Date: 1/27/10 08:53 am (UTC)
From: [personal profile] maire
Margaret Mahy
Robin McKinley
Andre Norton
Meredith Anne Pierce (romantic vampire novels that don't make my skin crawl with their sexual politics!)
Diana Wynne Jones
James Thurber (The Thirteen Clocks and The Wonderful O)
Patricia McKillip (The Riddlemaster of Hed is a good place to start)
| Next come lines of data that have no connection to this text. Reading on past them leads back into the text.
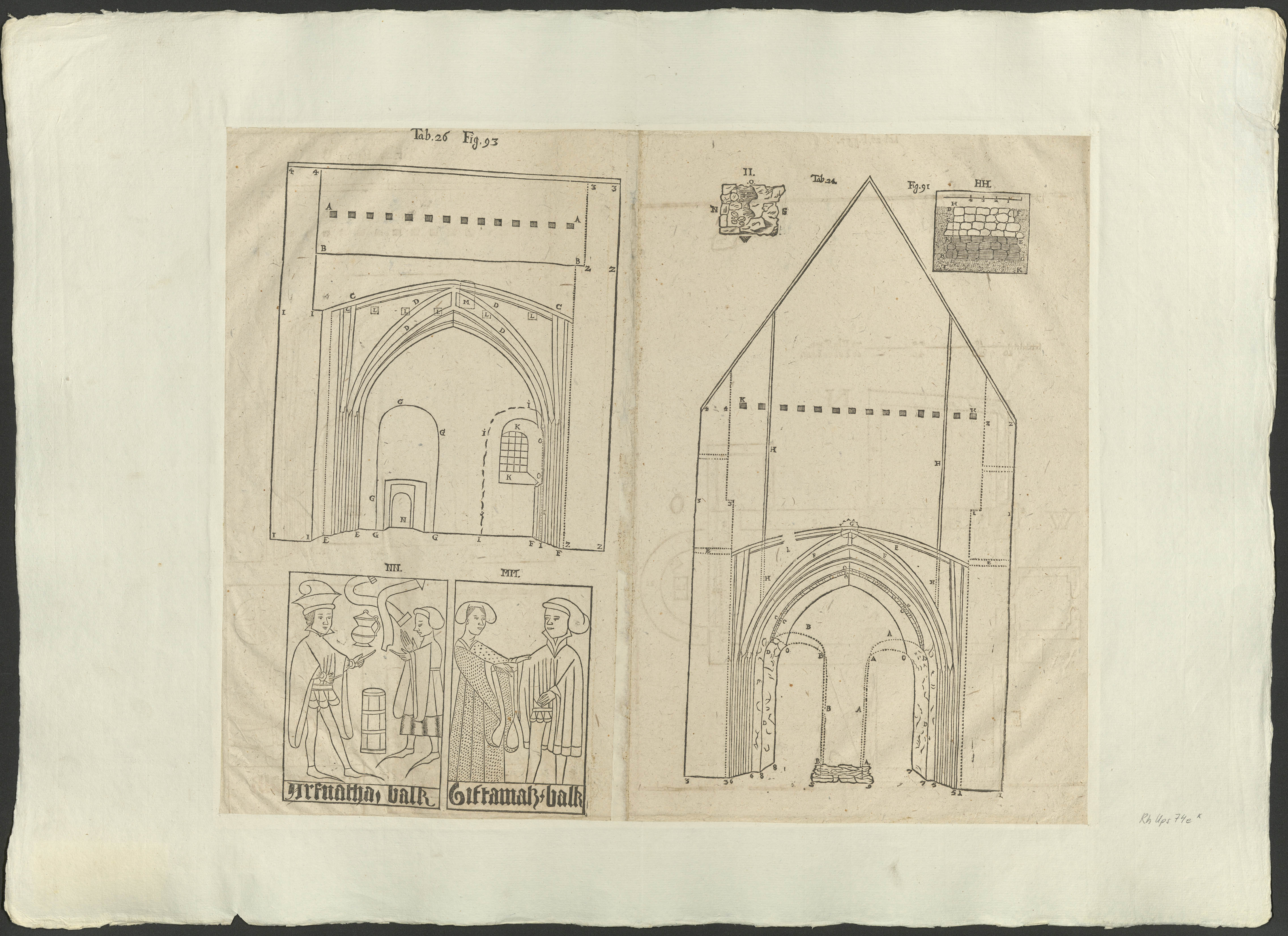 Beskrivning: 1 grafiskt bl. : Tvärsektion av kyrkorummet.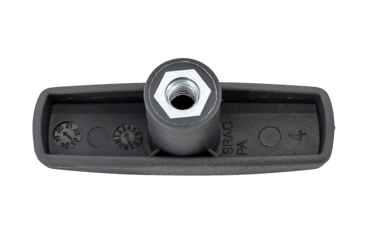 Zajišťovací knoflík pro naklápění nosiče kol Inter Pack Spider je zodpovědný za správné zajištění mechanismu naklápění. Tento prvek umožňuje ovládání funkce naklápění, což se promítá do pohodlného přístupu do zavazadlového prostoru vozidla a stability celého nosiče během přepravy.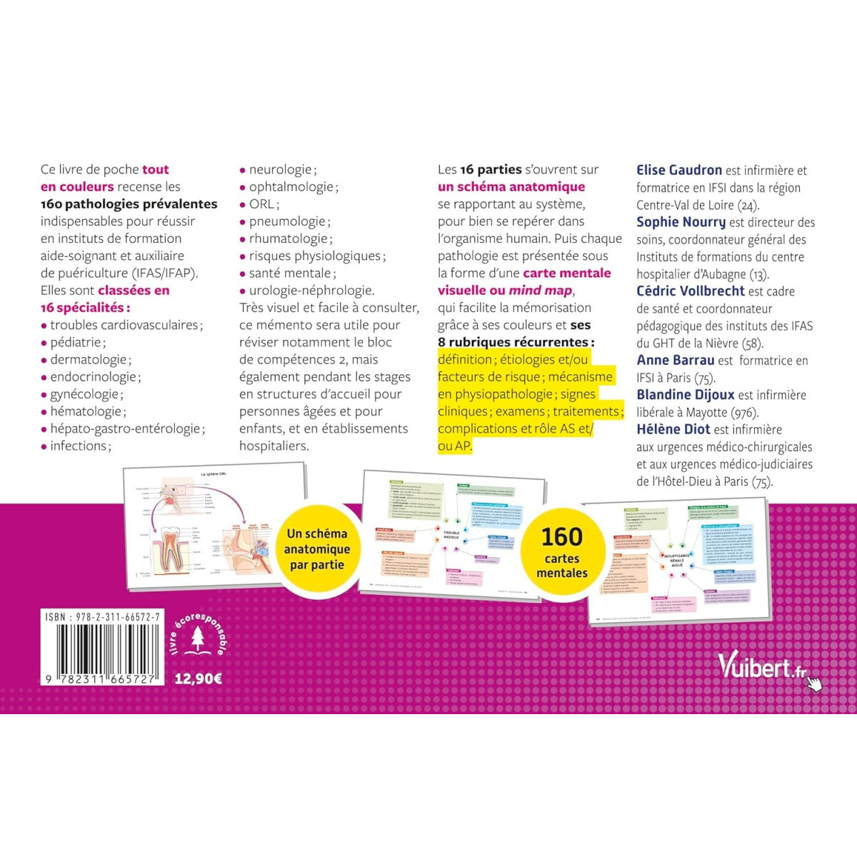 Ce petit livre tout en couleurs recense les 160 pathologies prévalentes indispensables pour réussir en Instituts de formation aide-soignant et auxiliaire de Puériculture. Elles sont organisées en 16 spécialités : troubles cardiovasculaires, Pédiatrie ; Dermatologie ; Endocrinologie ; Gynécologie-Obstétrique ; Hématologie ; Hépato-Gastro-Entérologie ; infections ; Neurologie ; Ophtalmologie ; ORL ; Pneumologie ; risques physiologiques ; Rhumatologie ; Santé mentale ; Urologie-Néphrologie.

There's a very good book called 'The Stones Are Hatching' by an author I can't recall.

(no subject)

Date: 1/27/10 08:56 am (UTC)
From: [personal profile] maire
Just remembered. At that age, I was also reading Heinlein's kids books, again and again. There's some good stuff there.

(no subject)

Date: 1/27/10 10:35 am (UTC)
From: [personal profile] kaneko
Maybe Howl's Moving Castle by Diana Wynne Jones. I also really loved Cynthia Voigt's 'A Solitary Blue' when I was 11.

(no subject)

Date: 1/27/10 01:02 pm (UTC)
mklutz: (general-booksrule)
From: [personal profile] mklutz
The first two books in the Harper Hall trilogy by Anne McCaffrey (but not the third), The Mediator series by Meg Cabot is about a girl who gets hit by lightning and dreams the locations of missing children afterwards, anything by Diana Wynne Jones but specifically Howl's Moving Castle, Fire & Hemlock, and Hexwood. Also The Golden Compass by Phillip Pullman.

(no subject)

Date: 1/27/10 05:19 pm (UTC)
From: [personal profile] indywind
I'd second the the recs above for select books or series by Tamora Pierce, Madeleine L'Engle, Robin McKinley, Mercedes Lackey. Lackey even has a vampire series, lesser known than her Valdemar stuff, now packaged in omnibus edition, see on Amazon. IIRC, there are some what you might call mature themes, onscreen violence, sexual tension, offscreen sex; there's also a relatively sensible female MC, and her male vampire romance object is a singularly decent guy--my recollection is, at some point the MC has to convince him that it's not abusive to drink her blood if she gives her well-considered informed consent. I think there's a theme of judging people on their actions rather than identities.

(no subject)

Date: 1/27/10 05:21 pm (UTC)
From: [personal profile] indywind
Children of the Night despite the lame name, was the best of the series.

(no subject)

Date: 1/28/10 05:10 am (UTC)
nocowardsoul: young lady in white and gentleman speaking in a hall (Default)
From: [personal profile] nocowardsoul
Patricia C. Wrede - Enchanted Forest Chronicles, Mairelon the Magician

Avi - Beyond the Western Sea, The True Confessions of Charlotte Doyle, The Secret School

Karen Cushman - Matilda Bone, Catherine Called Birdy, The Ballad of Lucy Whipple, The Midwife's Apprentice

Lloyd Alexander - Westmark, Vesper Holly

Lemony Snicket - A Series of Unfortunate Events

(no subject)

Date: 1/28/10 03:12 pm (UTC)
bliumchik: (Default)
From: [personal profile] bliumchik
Looks like you're covered on pratchett and tortall recs. I was a big fan of Pippy Longstocking as a kid, but haven't read them since so I don't remember if there's anything you need to worry about in them. I mean, I turned out okay :P

I also liked the Halfway Across The Galaxy And Turn Left series, and Isobelle Carmody's Obernewton series (which gets VERY meaty eventually but I definitely started it in primary school).